#### Data for analysis ####

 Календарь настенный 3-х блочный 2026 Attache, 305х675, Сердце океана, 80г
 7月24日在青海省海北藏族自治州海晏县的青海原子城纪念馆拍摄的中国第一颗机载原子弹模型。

####
#### Data for analysis ####

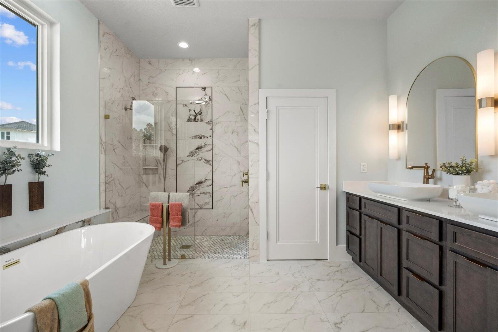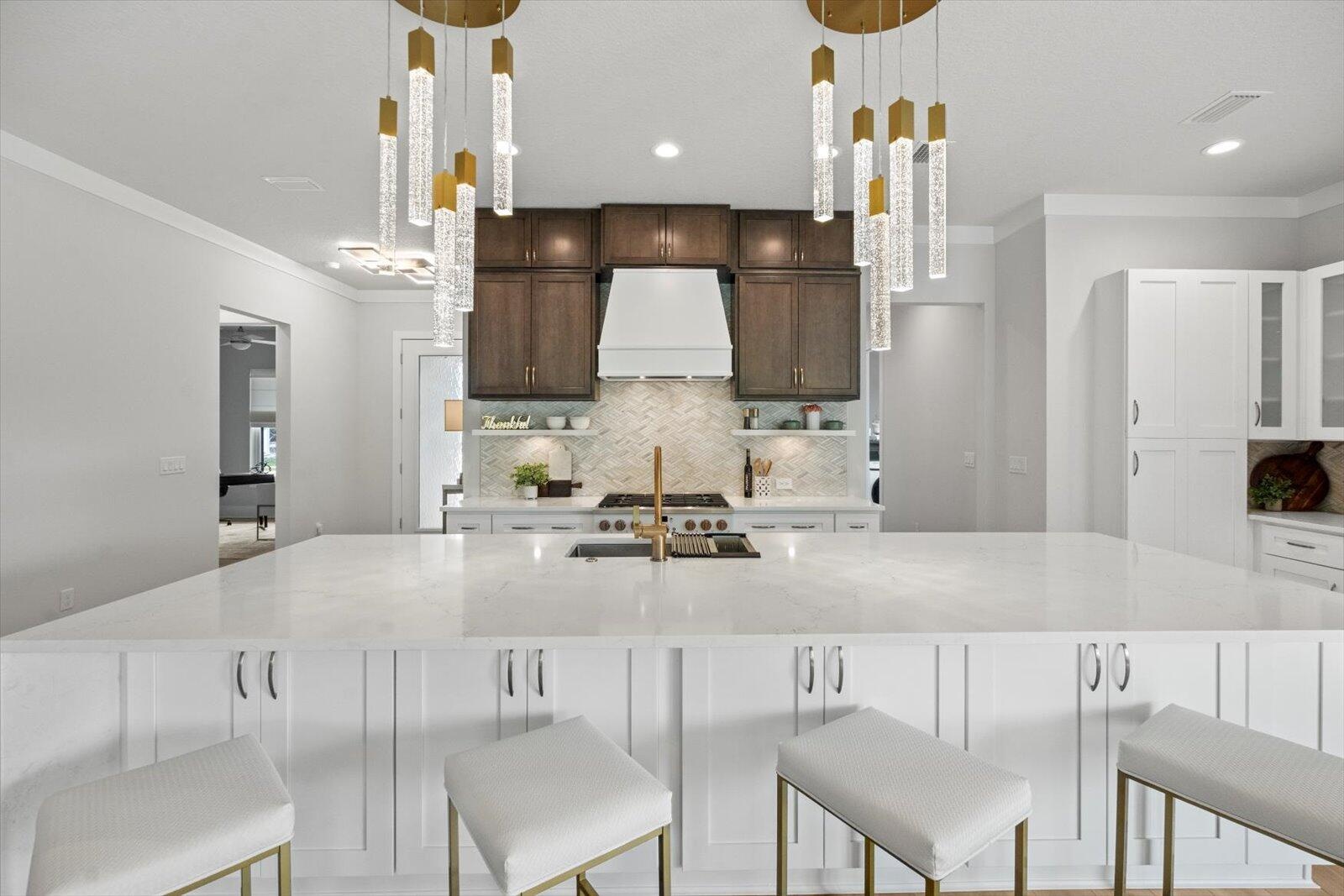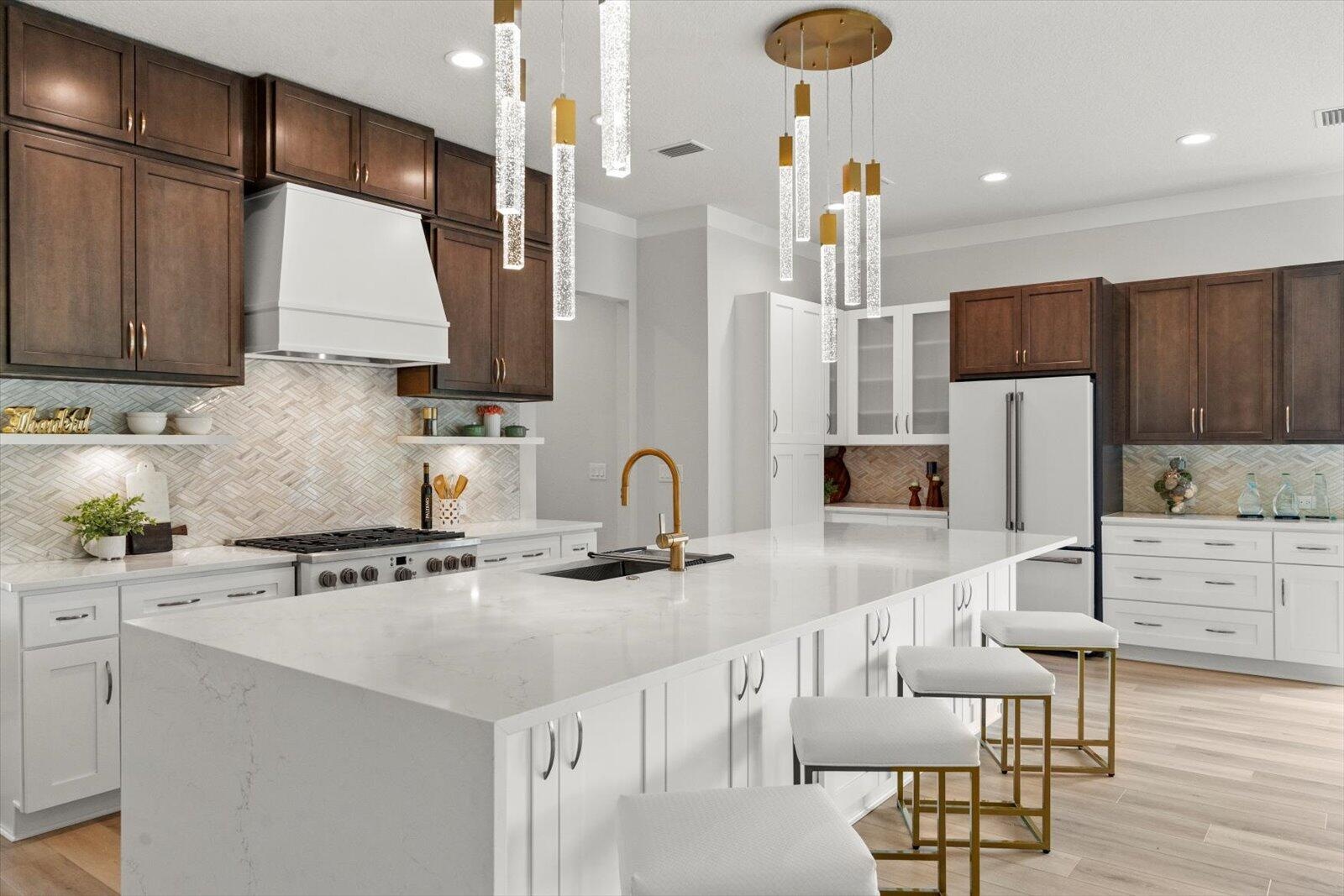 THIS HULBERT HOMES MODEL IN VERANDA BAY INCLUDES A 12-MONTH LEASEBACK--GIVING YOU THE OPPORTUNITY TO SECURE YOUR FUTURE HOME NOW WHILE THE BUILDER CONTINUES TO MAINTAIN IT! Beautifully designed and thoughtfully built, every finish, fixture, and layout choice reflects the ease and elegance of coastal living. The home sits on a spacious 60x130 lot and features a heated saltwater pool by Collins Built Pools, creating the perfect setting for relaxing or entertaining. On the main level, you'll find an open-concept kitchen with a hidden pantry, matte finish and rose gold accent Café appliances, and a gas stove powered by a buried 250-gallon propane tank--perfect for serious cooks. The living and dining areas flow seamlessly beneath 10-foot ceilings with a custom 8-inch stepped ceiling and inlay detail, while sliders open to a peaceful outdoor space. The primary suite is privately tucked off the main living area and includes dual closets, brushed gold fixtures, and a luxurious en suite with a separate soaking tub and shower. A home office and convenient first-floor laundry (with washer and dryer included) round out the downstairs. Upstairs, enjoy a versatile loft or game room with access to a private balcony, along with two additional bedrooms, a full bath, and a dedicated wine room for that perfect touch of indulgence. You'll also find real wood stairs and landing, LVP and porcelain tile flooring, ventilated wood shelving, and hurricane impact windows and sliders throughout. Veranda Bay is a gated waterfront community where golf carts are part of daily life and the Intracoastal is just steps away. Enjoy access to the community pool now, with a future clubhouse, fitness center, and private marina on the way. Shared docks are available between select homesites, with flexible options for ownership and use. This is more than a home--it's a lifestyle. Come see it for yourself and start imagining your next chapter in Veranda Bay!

####
#### Data for analysis ####

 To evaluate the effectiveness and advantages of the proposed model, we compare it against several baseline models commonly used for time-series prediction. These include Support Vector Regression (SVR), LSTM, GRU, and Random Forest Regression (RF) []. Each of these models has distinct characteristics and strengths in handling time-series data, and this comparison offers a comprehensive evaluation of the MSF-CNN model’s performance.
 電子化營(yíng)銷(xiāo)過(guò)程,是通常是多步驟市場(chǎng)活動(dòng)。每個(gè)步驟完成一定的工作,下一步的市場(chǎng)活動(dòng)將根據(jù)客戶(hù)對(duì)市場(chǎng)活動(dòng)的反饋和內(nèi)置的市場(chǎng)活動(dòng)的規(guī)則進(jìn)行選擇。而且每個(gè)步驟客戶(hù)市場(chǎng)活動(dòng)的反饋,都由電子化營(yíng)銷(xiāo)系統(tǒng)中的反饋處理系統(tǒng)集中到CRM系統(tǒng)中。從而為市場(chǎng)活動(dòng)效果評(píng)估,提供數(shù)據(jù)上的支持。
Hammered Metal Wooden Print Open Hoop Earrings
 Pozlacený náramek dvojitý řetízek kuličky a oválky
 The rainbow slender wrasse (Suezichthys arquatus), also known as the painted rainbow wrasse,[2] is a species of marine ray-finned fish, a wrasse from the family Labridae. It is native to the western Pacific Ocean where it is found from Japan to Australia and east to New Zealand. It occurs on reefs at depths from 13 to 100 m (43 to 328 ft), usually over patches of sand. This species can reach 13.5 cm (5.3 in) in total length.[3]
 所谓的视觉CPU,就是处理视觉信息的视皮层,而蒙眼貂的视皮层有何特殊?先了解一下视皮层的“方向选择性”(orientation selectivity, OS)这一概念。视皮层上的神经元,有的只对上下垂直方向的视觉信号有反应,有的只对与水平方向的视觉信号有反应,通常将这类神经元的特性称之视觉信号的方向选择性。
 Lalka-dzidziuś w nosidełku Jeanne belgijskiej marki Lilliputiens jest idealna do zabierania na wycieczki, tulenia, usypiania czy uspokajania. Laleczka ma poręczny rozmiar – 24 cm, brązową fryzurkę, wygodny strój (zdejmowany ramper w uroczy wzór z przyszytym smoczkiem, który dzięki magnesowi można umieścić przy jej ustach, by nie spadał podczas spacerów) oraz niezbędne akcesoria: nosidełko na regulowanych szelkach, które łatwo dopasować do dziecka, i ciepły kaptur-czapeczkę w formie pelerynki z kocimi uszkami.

####

- [Instructions for the task]
Which lines above run from the one containing "Hammered Metal Wooden" to the one containing "The rainbow slender"? Give them again exactly, both ends included.

- [Task solution]
Hammered Metal Wooden Print Open Hoop Earrings
 Pozlacený náramek dvojitý řetízek kuličky a oválky
 The rainbow slender wrasse (Suezichthys arquatus), also known as the painted rainbow wrasse,[2] is a species of marine ray-finned fish, a wrasse from the family Labridae. It is native to the western Pacific Ocean where it is found from Japan to Australia and east to New Zealand. It occurs on reefs at depths from 13 to 100 m (43 to 328 ft), usually over patches of sand. This species can reach 13.5 cm (5.3 in) in total length.[3]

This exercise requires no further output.